Courtesy of Mish.
Train drivers working for Australian miner Rio Tinto make as much as A$240K (US$224K) per year to haul ore. According to BLS data, that is as much as surgeons in the US, and more than the $151K average of New York State lawyers.
Does that pay schedule make any sense? I do not think so, nor does Rio Tinto.
When costs are ridiculous, companies seek ways to lower them. Thus, the following Bloomberg headline should not be surprising: Rio Replacing Train Drivers Paid Like U.S. Surgeons
The 400-plus workers in the remote Pilbara region who earn about A$240,000 ($224,000) a year probably are the highest-paid train drivers in the world, according to U.K.-based transport historian Christian Wolmar. Australia’s decade-long mining boom has sucked up skilled workers, raising wages for engineers to drivers at Rio, the second-largest exporter of the mineral, and its closest competitors, Vale SA (VALE) and BHP Billiton Ltd.

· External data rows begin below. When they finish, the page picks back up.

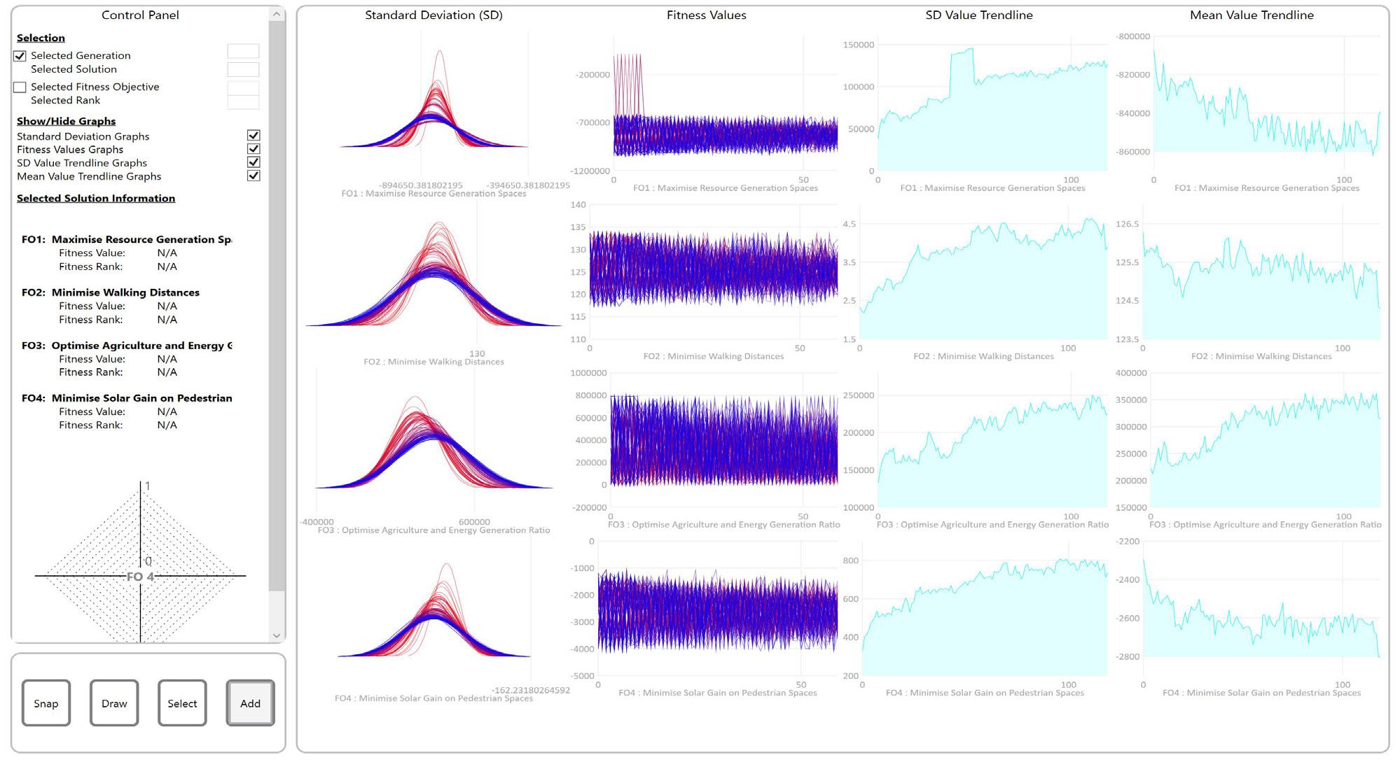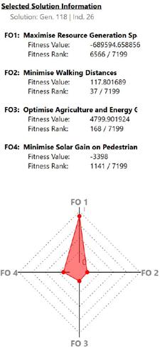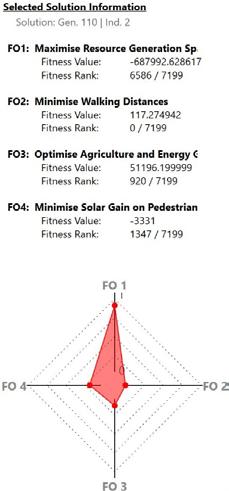 [12] Wallacei Analysis: The algoirthm runs a 4 objective simulation to {1} maximise resource generation spaces, {2} minimise walking distances {3} optimise resource generation {4} minimise solar gain on pedestrian spaces
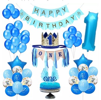 صبي أزرق واحد معلق عيد ميلاد لافتات عالية الكرسي فرانج لاند تاج واحد كعكة القبعات العلوية حزب الدعائم عدة لوازم
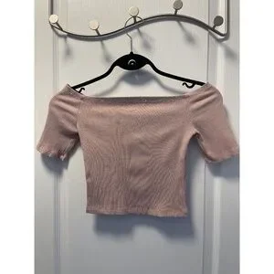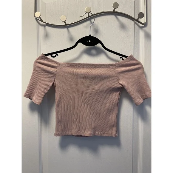 Pink Ribbed Off The Shoulder Top
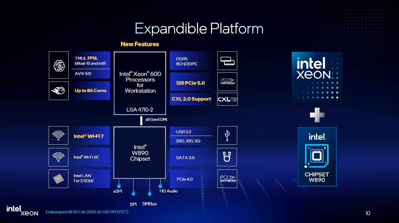 Comme c’est souvent son habitude qui dit nouveaux processeurs dit nouveau chipset. Intel dévoile donc son chipset W890 qui s’accompagne du socket LGA4710-2 afin d’accueillir ces Xeon 600. La nouveauté majeure, face au chipset W790 que nous avions testé, c’est la prise en charge du WiFi 7.
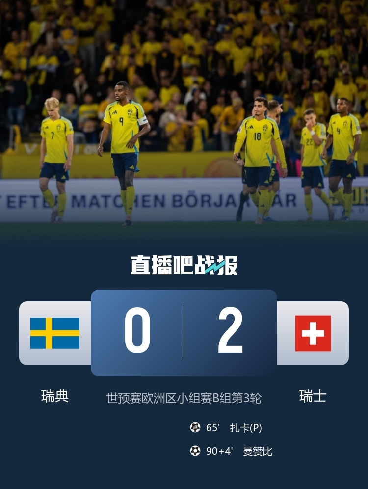 出线危!瑞典0-2不敌瑞士遭三场不胜小组垫底 伊萨克约克雷斯哑火
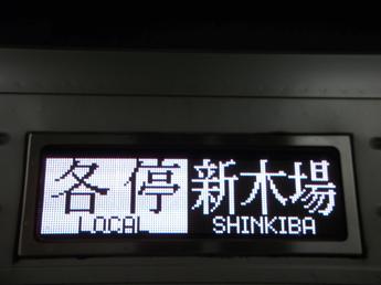 東武50050系電車。「東武線内急行運転」の場合の表示。半蔵門線直通列車の場合は(1)種別・行き先ー(2)「半蔵門線直通」ー(3)号車番号、の順で交互に表示させている。半蔵門線・田園都市線内を含めて各駅停車となる場合は押上駅からは行き先のみ表示となる(下右、後述も参照)。
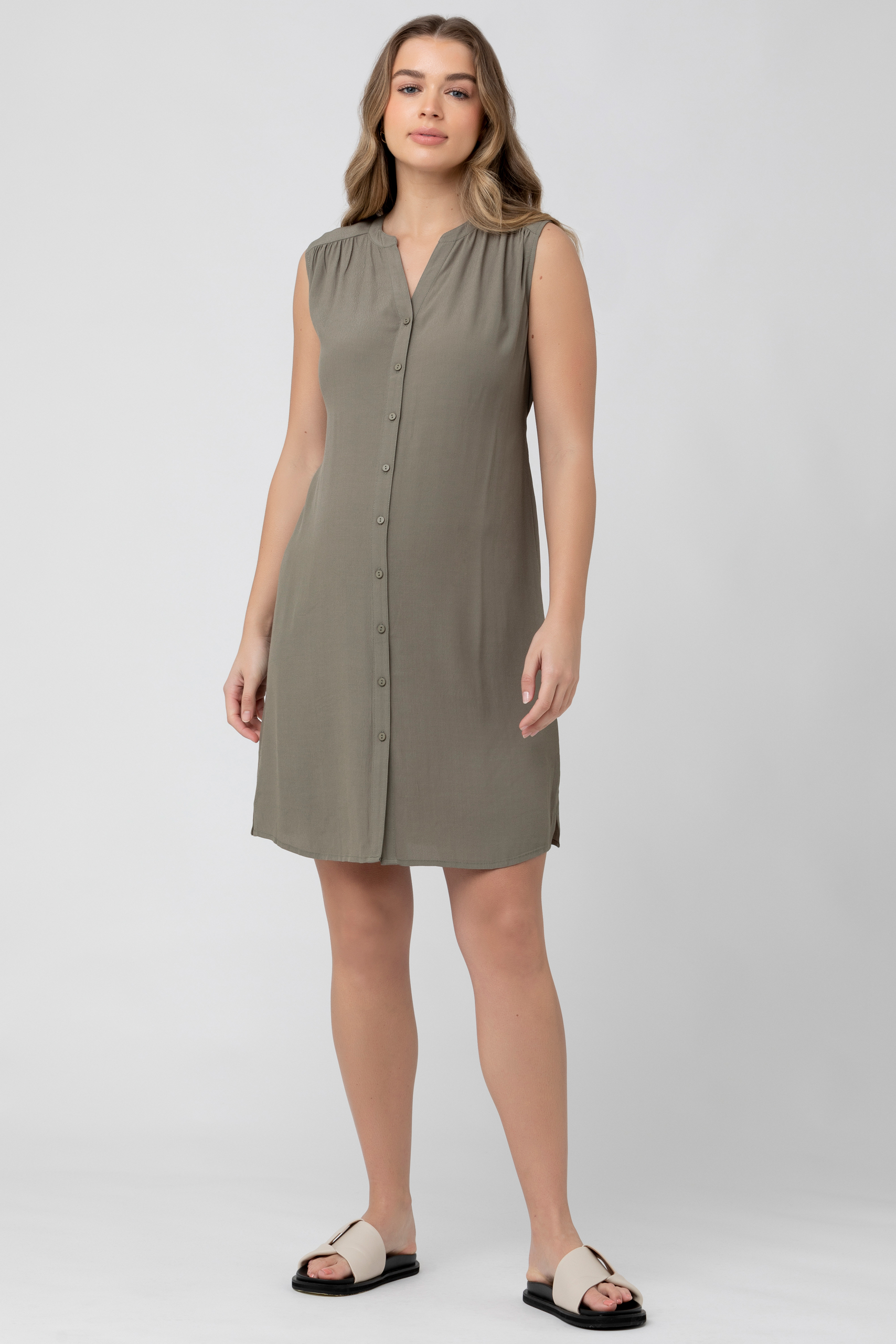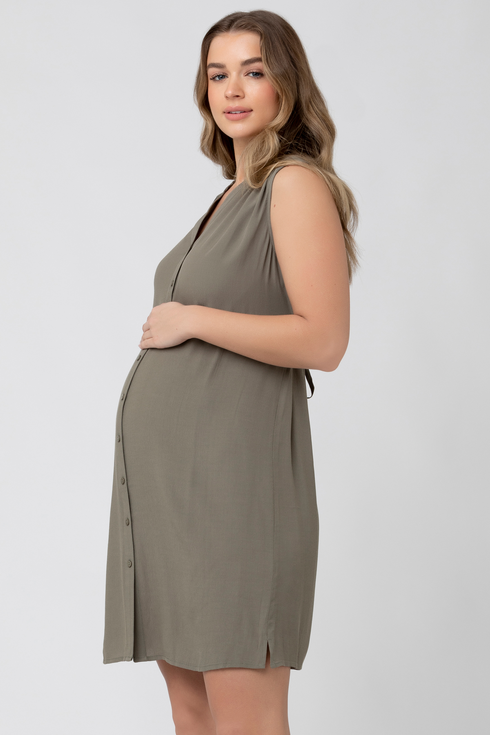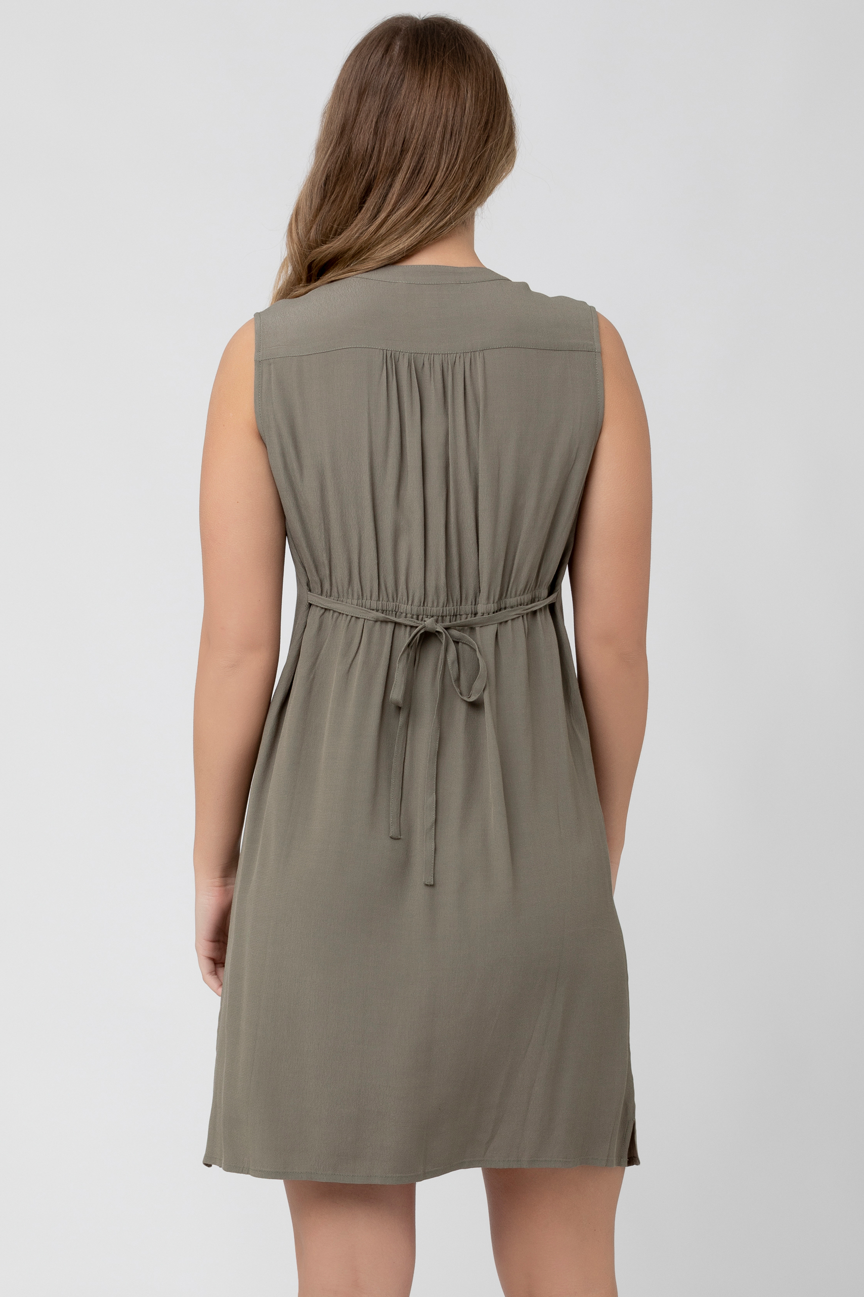Umstands- und Still-Tunikakleid in entspannter Passform ohne Ärmel und mit abgerundetem Saum. Durch den integrierten Bindegürtel kannst du das Kleid flexibel an deine Silhouette anpassen. Dank der durchgehenden Knopfleiste kannst du dein Baby nach der Geburt jederzeit ganz unkompliziert stillen. Farbe: khaki

Rio, which last year approved spending of $7.2 billion to expand the iron ore operations, is aiming to have the world’s first, fully automated, long-distance and heavy-haul rail system operating in 2015. Its automated rail will have 1,500 kilometers (930 miles) of track, 10,000 wagons and individual train sets 2.3 kilometers long, according to Credit Suisse Group AG. The company is spending $518 million on the program that was announced last year.
“You need to have quite a significant amount of scale” in fleet and volumes to benefit from automation technology, said Evy Hambro, manager of BlackRock Inc. (BLK)’s $7.7 billion World Mining Fund.
Laser Detectors
Rio’s rail, port and truck movements are all watched over from a control center in the Western Australia state capital of Perth, 1,500 kilometers to the southeast, that has about 250 controllers working three shifts a day. The rail automation is part of the company’s push to use technology to improve productivity and safety and wring out extra capacity from existing assets, Simon Prebble, general manager for Rio’s automated trains project, said in an interview yesterday.
The trains have on-board systems that check speed, signals and operate the brake, Prebble said. Rio has installed a new radio-based network to communicate with the trains as well as close-circuit television at every public level crossing, he said. “We also have an obstruction detection system which uses laser scanners to continually look for any obstructions.”
Never Has Arrived
Why stop with train drivers? So, what about trucks?
For those who said truck drivers would never be replaced by robots, it appears “never has arrived” because Rio is also going to automate trucking.